Протоиерей А. Рахновский

— И то, и другое.

Т. Ларсен

— Но это же такие взаимоисключающие вещи, нет? Это такие противоречивые нюансы: либо я в себе хорошее обнаруживаю, либо плохое.

В. Аверин

— А как ты заметишь плохое, если есть с чем сравнивать?

Протоиерей А. Рахновский

— Нет, мне кажется, что истина — одно и другое. Почему? Потому что такое подлинно церковное учение о духовной борьбе, о духовной жизни предполагает: а) борьбу со страстями и б) воспитание противоположных страстям добродетелей. Мы сейчас такие азбучные истины повторяем, казалось бы. Они даже заезжены, в какой-то мере. Но заезженность этих тем и как бы такая хрестоматийность их не дает увидеть часто на самом деле подлинную глубину вот этих элементов духовной жизни, которые, как азбука, необходимы для любого человека. И, как следствие этого, в бытовой культуре христианской пропадают некие элементы исключительно человеческом культурном уровне каких-то знаковых действий, знаковых поступков. Например: на тебя повысили голос, против тебя какую-то агрессию — умеренную, скажем так — проявили. Ну, как правило, люди там что-то не поделили. Реакция христианина первая — исключительно на таком уровне некоего культурного кода — помолиться, уступить, простить. Но иногда, даже когда мы приходим в храм и мы понимаем, что кто-то не на свое место встал или не так что-то сделал...

В. Аверин

— Ну просто на ногу наступил...

Протоиерей А. Рахновский

— Или просто, как часто бывает, например, один человек молится, а другой перед ним встал — это вот из раза в раз повторяется. И вот уже слышишь конфликт. «А вот передо мной встали — мне не дают молиться. Вот прямо дайте мне перекреститься, не то я Вас ударю!» (Смеется.) То есть, казалось бы, эти вещи элементарны, и то, что должно быть, в хорошем смысле, формальностью...

В. Аверин

— Автоматизмом.

Протоиерей А. Рахновский

— То есть тебе не требуется глубокой духовной жизни какой-то, понимания каких-то тайн аскезы и богословия, а на уровне просто элементарного христианского поведения эти вещи не закрепляются. Они не закрепляются именно потому, что изначально, может быть, духовной жизни дано неправильное направление.
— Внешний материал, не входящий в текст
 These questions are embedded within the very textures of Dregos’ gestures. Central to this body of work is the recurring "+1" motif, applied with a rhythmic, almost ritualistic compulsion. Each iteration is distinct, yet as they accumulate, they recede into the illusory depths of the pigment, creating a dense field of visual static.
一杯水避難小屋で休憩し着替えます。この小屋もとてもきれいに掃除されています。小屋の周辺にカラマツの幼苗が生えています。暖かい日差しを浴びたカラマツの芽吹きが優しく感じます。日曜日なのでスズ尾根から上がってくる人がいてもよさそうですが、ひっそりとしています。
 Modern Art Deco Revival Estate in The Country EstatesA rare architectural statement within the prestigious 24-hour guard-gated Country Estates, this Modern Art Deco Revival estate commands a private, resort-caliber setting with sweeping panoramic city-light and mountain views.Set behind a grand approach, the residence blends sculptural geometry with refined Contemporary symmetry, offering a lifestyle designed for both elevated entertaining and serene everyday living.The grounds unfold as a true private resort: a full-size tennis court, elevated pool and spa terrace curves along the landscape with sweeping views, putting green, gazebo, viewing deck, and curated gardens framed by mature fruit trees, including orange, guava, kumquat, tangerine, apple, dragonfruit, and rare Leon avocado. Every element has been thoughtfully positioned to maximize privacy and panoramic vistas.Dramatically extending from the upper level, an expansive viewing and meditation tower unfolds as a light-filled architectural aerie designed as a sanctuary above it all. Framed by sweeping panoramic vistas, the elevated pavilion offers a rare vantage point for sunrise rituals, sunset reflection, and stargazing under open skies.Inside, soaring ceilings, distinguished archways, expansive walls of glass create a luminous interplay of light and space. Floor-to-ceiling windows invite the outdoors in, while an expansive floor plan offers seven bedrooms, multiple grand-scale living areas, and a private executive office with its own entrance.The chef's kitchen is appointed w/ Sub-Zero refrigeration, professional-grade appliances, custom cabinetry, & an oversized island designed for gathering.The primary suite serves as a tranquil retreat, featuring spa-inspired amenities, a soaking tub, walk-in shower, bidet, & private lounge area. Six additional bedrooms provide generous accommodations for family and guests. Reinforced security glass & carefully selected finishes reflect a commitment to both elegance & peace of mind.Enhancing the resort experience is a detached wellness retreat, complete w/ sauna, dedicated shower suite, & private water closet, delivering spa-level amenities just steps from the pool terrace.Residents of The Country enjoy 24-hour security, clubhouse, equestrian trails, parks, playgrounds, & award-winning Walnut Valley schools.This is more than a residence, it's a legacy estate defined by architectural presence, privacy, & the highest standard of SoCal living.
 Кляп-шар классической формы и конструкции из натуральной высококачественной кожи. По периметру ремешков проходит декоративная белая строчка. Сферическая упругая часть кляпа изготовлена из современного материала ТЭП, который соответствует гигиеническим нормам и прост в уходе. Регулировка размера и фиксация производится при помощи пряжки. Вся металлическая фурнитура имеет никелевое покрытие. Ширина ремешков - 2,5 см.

Но есть еще один момент. Можно человеку дать знание о внутренней духовной жизни, о борьбе со страстями, но при неправильном направлении это может превратиться в некий духовный эгоизм — то есть такую «йогу». Когда я...

В. Аверин

— Да... Простите, отец Андрей...

Протоиерей А. Рахновский

— ...в своей внутренней духовной жизни... Да?

В. Аверин

— Когда вот Вы говорили, по аналогии с вирусом иммунодефицита человека, мне в голову тут же пришел образ еще и аутоиммунного заболевания. Когда присущее, когда свое, родное, естественное воспринимается организмом как инородное и начинает уничтожаться, изживаться и выбрасываться из организма. И, в итоге, ну, это оборотная сторона, наверное, когда... Вот тогда я такой суперхристианин, поэтому я от этого отказываюсь, и от этого. И эти люди, там, не знаю, второго сорта. И тогда это вот действительно такое аутоиммунное заболевание, когда нормальные человеческие и христианские, в том числе, проявления, вот опять же, на бытовом уровне, превращаются для человека в нечто тоже постыдное, недостойное, и тогда вот он себя уже святее папы римского, что называется, ощущает.

Т. Ларсен

— А вот про йогу мне очень интересно...

В. Аверин

— Да... Так это туда же, да...

Протоиерей А. Рахновский

— Я, простите, конечно, употребил здесь йогов, может быть, вульгаризировав этот термин...

Т. Ларсен

— Нет-нет, просто расшифруйте, что именно Вы имели в виду?

Протоиерей А. Рахновский

— Это когда духовная жизнь человека целиком замкнута на некоем внутреннем...

Т. Ларсен

— ...упражнении.

Протоиерей А. Рахновский

— ... для себя делании. Хотя как бы святые отцы, призывая нас к глубокому внутреннему деланию, призывают нас еще к одной вещи, которая не дает нам превратиться в духовных эгоистов, таких харизматиков-одиночек. Призывают нас к служению. А служение подразумевает, что, наряду с такой глубокой душевной, духовной жизнью, ты должен отдавать свою любовь кому-то. Ну, это элементарные вещи взаимопомощи, милосердия, деятельности, посещений. То, что в Евангелии — больных, хромых, заключенных и так далее. То есть это внешнее служение, наряду с глубокой внутренней духовной жизнью, не дает человеку уйти в крайности. Какие это крайности? Крайность внешнего делания в ущерб внутреннему содержанию и крайность такого именно внутреннего погружения в себя, созерцания себя или Бога в себе...

Т. Ларсен

— Кончика своего носа.

Протоиерей А. Рахновский

— Да, но при этом мы не видим в человеке любви. То есть а где та любовь, та благодать, которая от твоей жизни должна передаваться другим, чтобы действительно рядом с тобой люди чувствовали не просто некоего самоуглубленного мудреца, а чувствовали живого человека, в сердце которого есть отклик на беду, на скорбь, на нужду другого человека?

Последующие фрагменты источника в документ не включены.